2.24 (a) Predict Spring enrollment when Fall enrollment is 290:
new = data.frame(Fall = 290)
predict(e.fit, newdata = new)
## 1
## 244
Using the model, we predict Spring enrollment of 244.
(b) 95% CI for mean Spring enrollment when Fall enrollment is 290:
predict(e.fit, newdata = new, interval = "confidence", level = 0.95)
## fit lwr upr
## 1 244 223.7 264.3
The 95% for mean Spring enrollment is (224,264) when Fall enrollment is 290.

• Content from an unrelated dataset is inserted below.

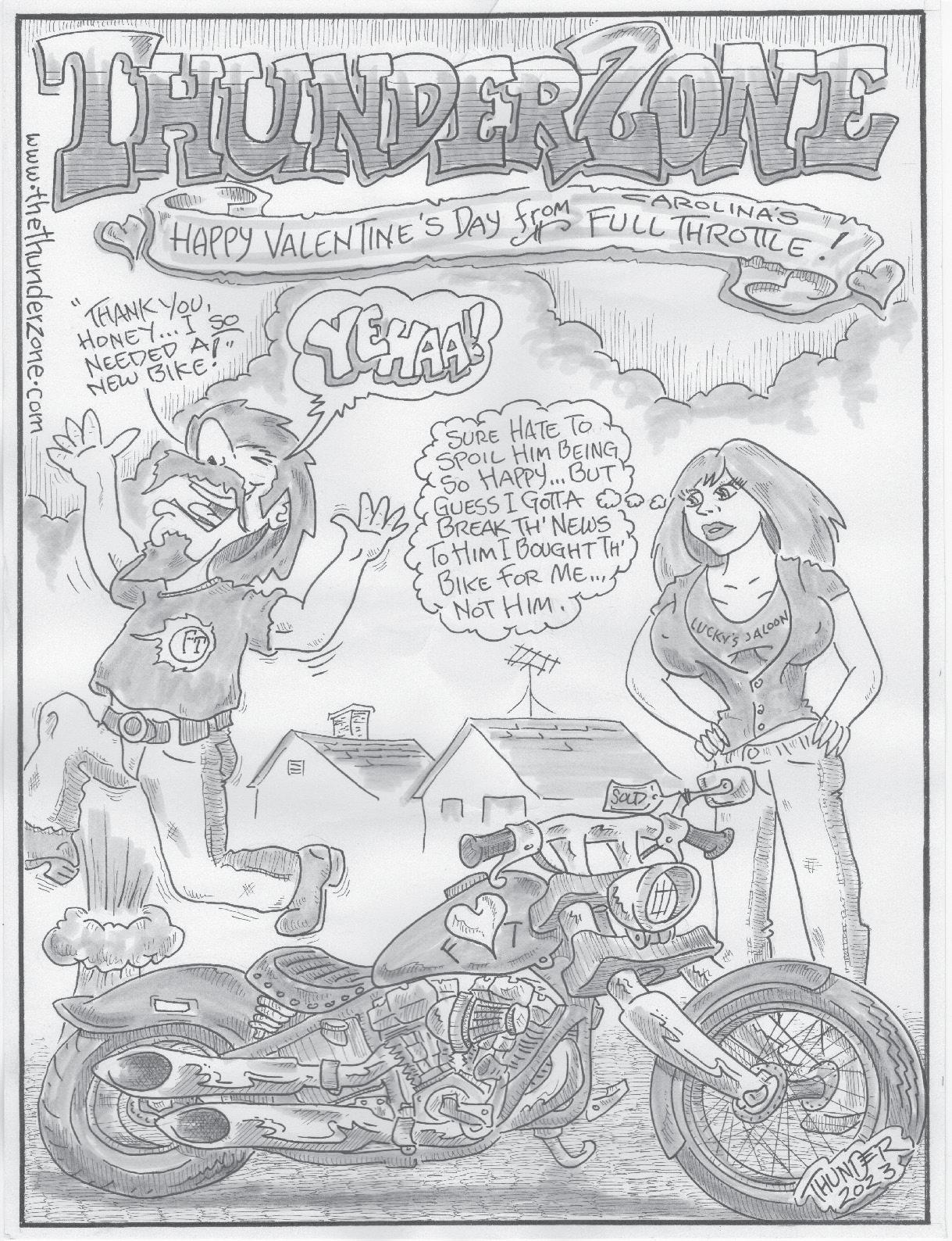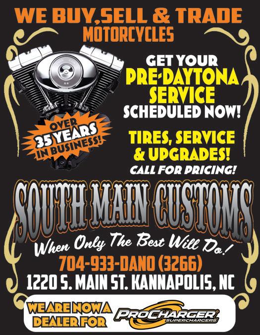 ho’s ready to go racin’? check out Paul Watson’s Lumbee Racing and the All Harley World Shootout on the cover of this magazine and on pages 4-5. If you are looking for a great all around event with drag racing, mini bike drag racing, vendors, music and a ton of fun then you gotta go to the All Harley World Shootout! Speaking of this cover, did ya notice that we are at another milestone with the Carolinas’ Full Throttle Magazine?! Last month we entered our 25th year in print and this month is our 250th issue. Now, 295 doesn’t seem like a big number unless you are talking months! 295 months dates all the way back to August of 1998, before Mom, Maggie or I had any grey hair! We haven’t missed a step in 295 months, in fact, we’ve only gotten better with age. January 14th we pulled off our biggest event to date with the Carolinas’ Full Throttle Magazine Custom Bike Show at the Greensboro Coliseum. If you were there, you know it was a big time, if you missed it, check out the article in this issue and catch up! The Bike Show is history now…History that is recorded in this 295th issue of the Carolinas’ Full Throttle Magazine, cause that’s what we do…Record the history of motorcycling in the Carolinas! If you are looking to get in on this game, give us a shout, we need sales reps and event coverage all over the Carolinas and we can certainly point you toward some work! While you are looking through the magazine make sure you hit up the Cruisin’ Calendar for events and check out the advertisers in this issue for all the deals you need to keep you on the road. We have one hell of a motorcycle community in the Carolinas! We will see ya out there!
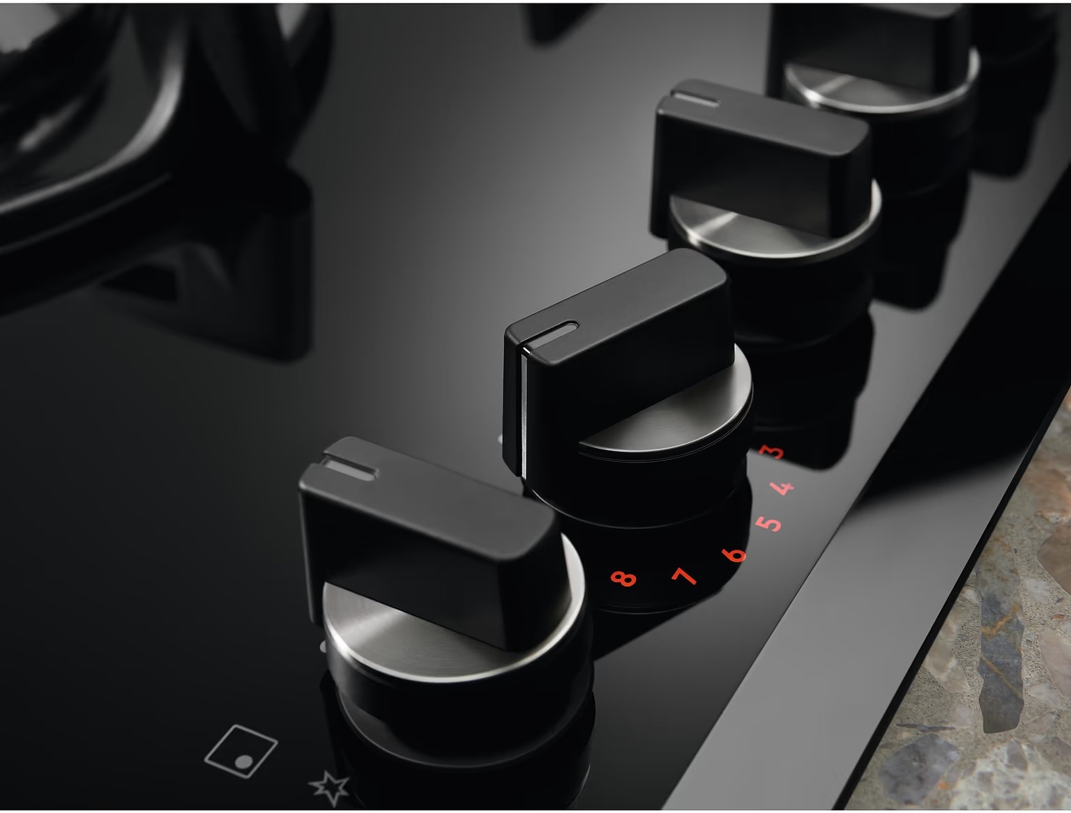 Варильна поверхня газова ELECTROLUX KGG643753K. Світлодіодні індикатори газової варильної панелі FlameLight показують, коли конфорка увімкнена або вимкнена. Вони також дозволяють контролювати та вибирати між дев'ятьма рівнями потужності пламени, легко налаштовуючи інтенсивність пламені під час готування.

(c) 95% CI for Spring enrollment when Fall enrollment is 290 (a prediction interval):
predict(e.fit, newdata = new, interval = "predict", level = 0.95)
## fit lwr upr
## 1 244 183 305
The 95% for Spring enrollment is (183,305) when Fall enrollment is 290.
(d) Use the interval from part © – we are predicting a new value for a particular Spring enrollment, not the average of Spring enrollments.